JEE Mains · Maths · STD 12 - 9. differential equations
If \(x=f(y)\) is the solution of the differential equation
\(\left(1+y^2\right)+\left(x-2 \mathrm{e}^{\tan ^{-1} y}\right) \frac{\mathrm{d} y}{\mathrm{~d} x}=0, y \in\left(-\frac{\pi}{2}, \frac{\pi}{2}\right)\)

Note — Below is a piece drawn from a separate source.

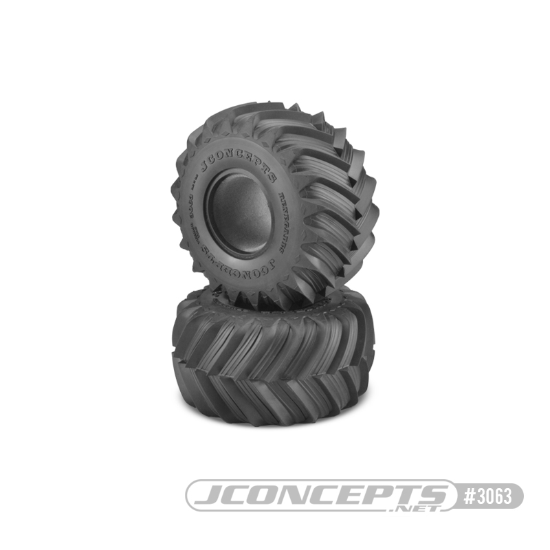 Reaching the top step on the podium is a complete racing package. The result requires the correct setup, stellar driving and just as important, a performance-built tire and compound. During the glory days of monster truck racing, cut tread became a popular method of reducing weight or altering a pattern to tune to specific track conditions. The Renegades Jr 2.2 tire by JConcepts represents the low-profile carcass and cut-tread movement, capable of winning results straight out of the package. The chevron style lugs has been created with specially designed back-cut tread and shaved carcass areas imitating the real thing. At rotation, the tread still stands tall and provides a hefty edge of forward grip in a variety of conditions. The back-cut section provides a small transition during high-speed cornering which conform to changing terrain and obstacles. The sidewalls have been treated with wording, designs and descriptions consistent with 1:1 tires during that generation of performance. The low-profile stance of the Renegades stays very flat during racecourse competition, speed-runs or general use. The tire carcass profile holds the weight extremely low while the design of the tire beads allows just the right amount of contact patch for gluing and application. The Renegades measure in at 5.50 x 2.5 x 2.2” and are available in two different compounds and fit directly to the #3380 Midwest wheels. The soft "blue" compound which is recommended for dirt, grass and asphalt feels noticeably mushy and sticky and has expanding characteristics like off-road racing outdoor compounds. The "gold" compound feels harder to the touch and excels on carpet, AstroTurf and polished concrete surfaces and expands less during high speeds. Renegades tires are complete and include open cell "React" inserts to support the grippy tires. The Renegades Jr is specifically designed to work with vehicles such as the Traxxas Stampede, Rustler, SMT10 and 2.2” based monster trucks in conjunction with JConcepts #3380 Midwest wheels.

with \(f(0)=1\), then \(f\left(\frac{1}{\sqrt{3}}\right)\) is equal to :
- A \(e^{\pi / 12}\)
- B \(e^{\pi / 4}\)
- C \(e^{\pi / 3}\)
- D \(e^{\pi / 6}\)
Answer & Solution
Correct Answer
(D) \(e^{\pi / 6}\)
Step-by-step Solution
Detailed explanation
\begin{aligned} & \frac{\mathrm{dx}}{\mathrm{dy}}+\frac{\mathrm{x}}{1+\mathrm{y}^2}=\frac{2 \mathrm{e}^{\tan ^{-1} \mathrm{y}}}{1+\mathrm{y}^2} \\ & \text { I.F. }=\mathrm{e}^{\tan ^{-1} \mathrm{y}} \\ & \mathrm{xe}^{\tan ^{-1} \mathrm{y}}=\int \frac{2\left(\mathrm{e}^{\tan…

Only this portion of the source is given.